*SUPPLIED INFORMATION:*
....

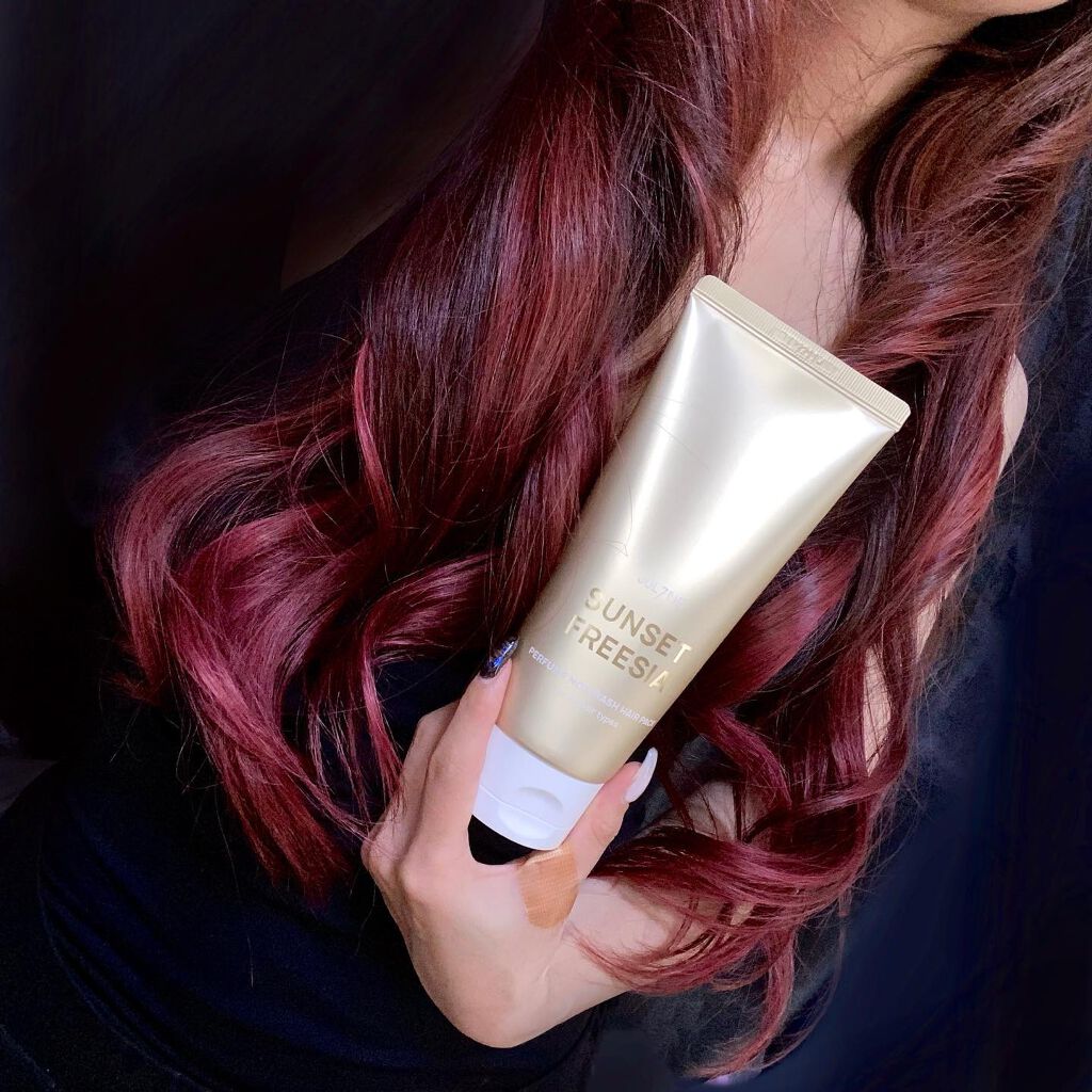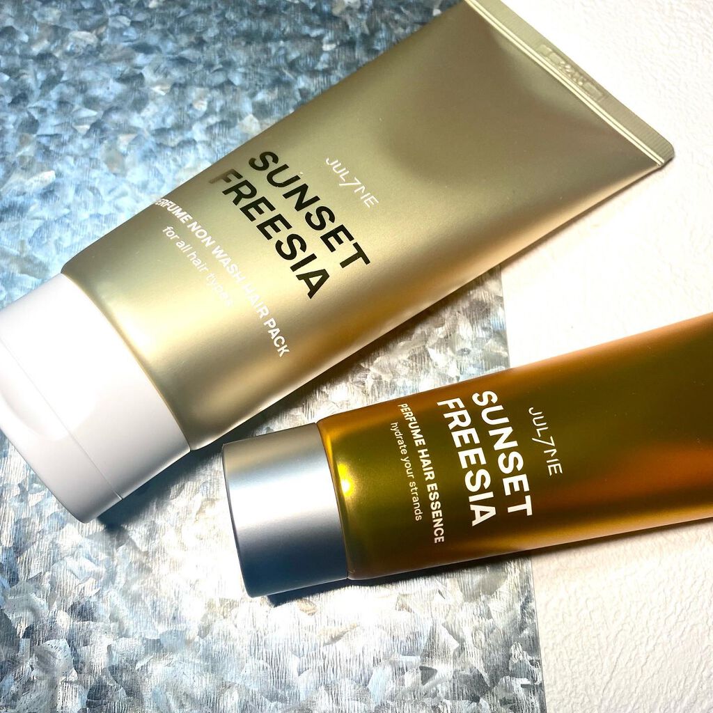 フリージアの香りと甘くみずみずしい梨の香りが作り上げる清楚なフローラルフレグランス 白色の伸びが良いクリームで軽いつけ心地、蓋を開けるとサンセットフリージアがふんわり香ります✨️ 普段は香水の匂いが強くて苦手でつけないから、ケアしながらパフューム効果もある製品は便利🌸
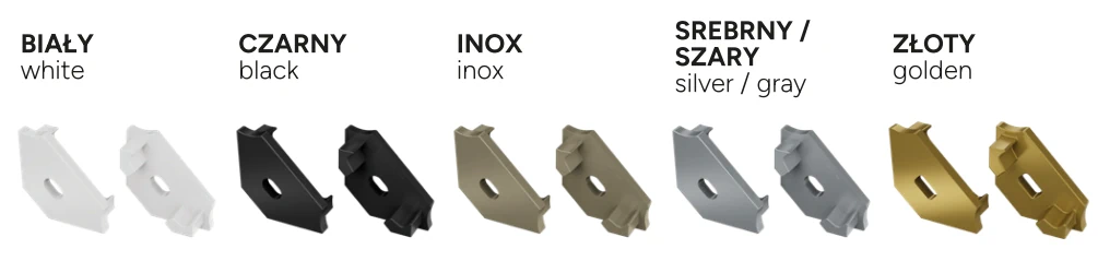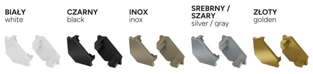 - Kolor zaślepki: szary, biały, czarny, srebrny lakierowany, inox, złoty
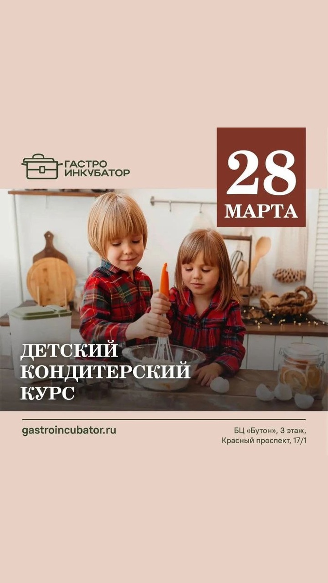 ! Успевайте записаться! Детский кондитерский курс - как стать вкусных дел мастером с юных лет. Если ваш ребёнок мечтает стать шеф-кондитером и уже практикуется на домашний кухне, а вы готовы вкладываться в его развитие, то наш курс может вам в этом помочь! 28 марта старт курса «Детский кондитерский» 🥧Изучаемые темы: 1. Песочное тесто. 2. Бисквитное тесто. 3. Кексовое тесто. 4. Белковое тесто и конфеты. 5. Медовое тесто. 6. Роспись имбирных пряников. 7. Тесто слоёное. 8. Приготовление кей-попсов. 9. Домашнее печенье. Продолжительность обучения – 10 недель. В программе 10 занятий. Форма обучения - очная, практика. По завершению цикла выдаётся именной сертификат. Стоимость обучения: 20 000 руб. ❓Кому отправить программу пишите или звоните ⤵️ ☎️ + 7 913 916 98 82 Сайт: gastroincubator.ru Telegram: https://dzen.ru/id/6228dbfbab075610706c2122 ВК: https://vk.com/gastro_incubator

....

*WHAT YOU NEED TO DO:* Only lines go in the copy, not pictures. Transcribe exactly from the start of the listing through the line containing "- Kolor zaślepki: szary, biały, czarny, srebrny".

*THE ANSWER:*
 フリージアの香りと甘くみずみずしい梨の香りが作り上げる清楚なフローラルフレグランス 白色の伸びが良いクリームで軽いつけ心地、蓋を開けるとサンセットフリージアがふんわり香ります✨️ 普段は香水の匂いが強くて苦手でつけないから、ケアしながらパフューム効果もある製品は便利🌸
 - Kolor zaślepki: szary, biały, czarny, srebrny lakierowany, inox, złoty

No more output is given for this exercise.